[Start of Attachment]

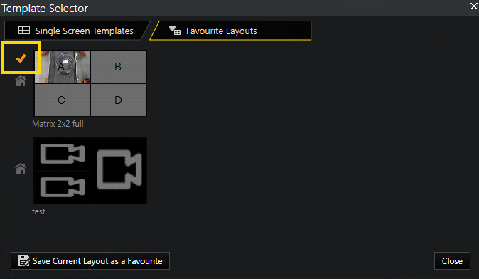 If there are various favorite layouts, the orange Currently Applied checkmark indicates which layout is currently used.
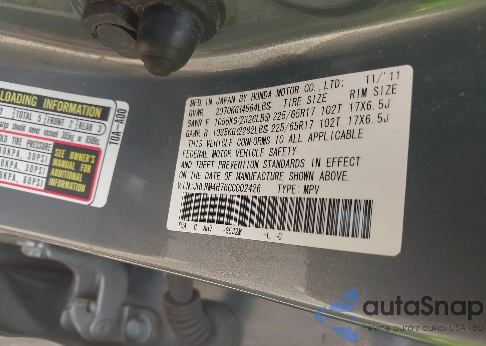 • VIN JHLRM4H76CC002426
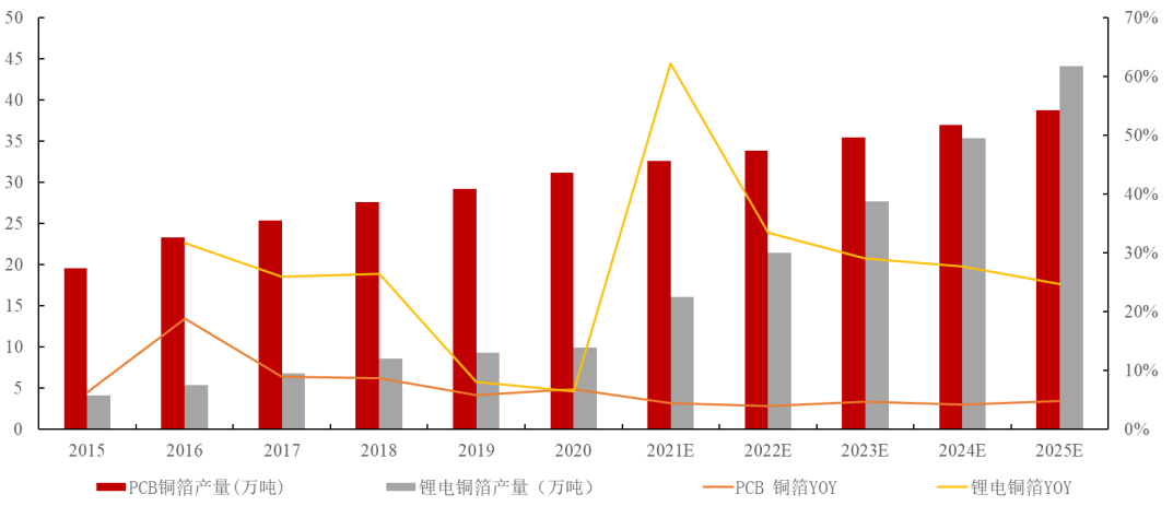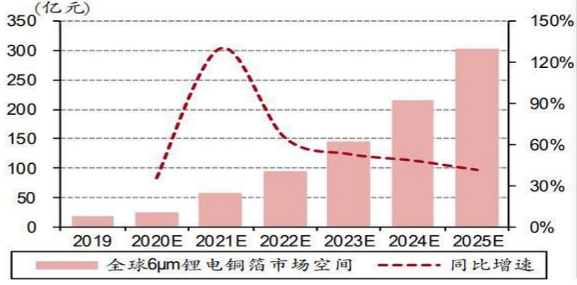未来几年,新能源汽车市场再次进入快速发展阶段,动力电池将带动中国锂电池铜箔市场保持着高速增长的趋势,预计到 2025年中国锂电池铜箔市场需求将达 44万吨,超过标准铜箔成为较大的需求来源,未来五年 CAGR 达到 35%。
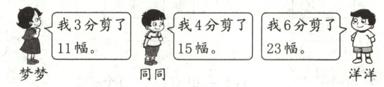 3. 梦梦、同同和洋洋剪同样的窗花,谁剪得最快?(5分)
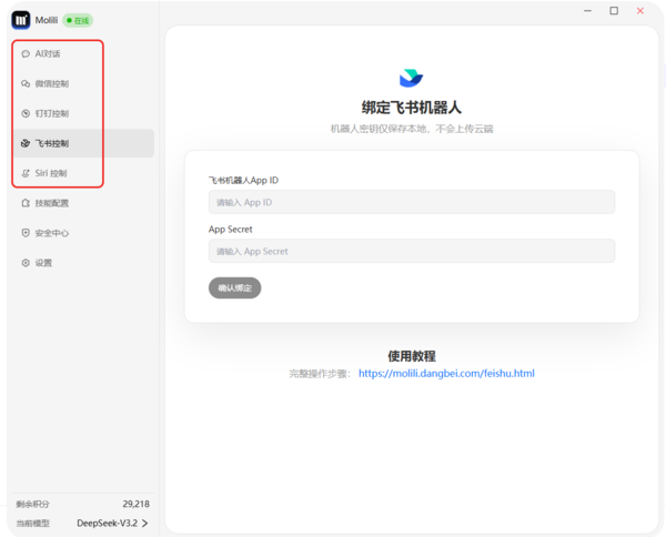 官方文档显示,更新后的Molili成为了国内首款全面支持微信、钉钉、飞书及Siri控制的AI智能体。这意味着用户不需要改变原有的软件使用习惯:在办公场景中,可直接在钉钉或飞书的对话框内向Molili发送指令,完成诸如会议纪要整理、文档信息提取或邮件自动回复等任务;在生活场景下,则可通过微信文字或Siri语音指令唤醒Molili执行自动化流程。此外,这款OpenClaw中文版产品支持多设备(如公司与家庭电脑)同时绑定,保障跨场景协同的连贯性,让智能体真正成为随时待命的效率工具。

[End of Attachment]

**WHAT THE TASK REQUIRES:** The lines from the one with "CAGR 达到 35%。" to the end of the data above should be retyped exactly, both ends included, and pictures are to be left out.

**SOLUTION FOR THIS TASK:**
未来几年,新能源汽车市场再次进入快速发展阶段,动力电池将带动中国锂电池铜箔市场保持着高速增长的趋势,预计到 2025年中国锂电池铜箔市场需求将达 44万吨,超过标准铜箔成为较大的需求来源,未来五年 CAGR 达到 35%。
 3. 梦梦、同同和洋洋剪同样的窗花,谁剪得最快?(5分)
 官方文档显示,更新后的Molili成为了国内首款全面支持微信、钉钉、飞书及Siri控制的AI智能体。这意味着用户不需要改变原有的软件使用习惯:在办公场景中,可直接在钉钉或飞书的对话框内向Molili发送指令,完成诸如会议纪要整理、文档信息提取或邮件自动回复等任务;在生活场景下,则可通过微信文字或Siri语音指令唤醒Molili执行自动化流程。此外,这款OpenClaw中文版产品支持多设备(如公司与家庭电脑)同时绑定,保障跨场景协同的连贯性,让智能体真正成为随时待命的效率工具。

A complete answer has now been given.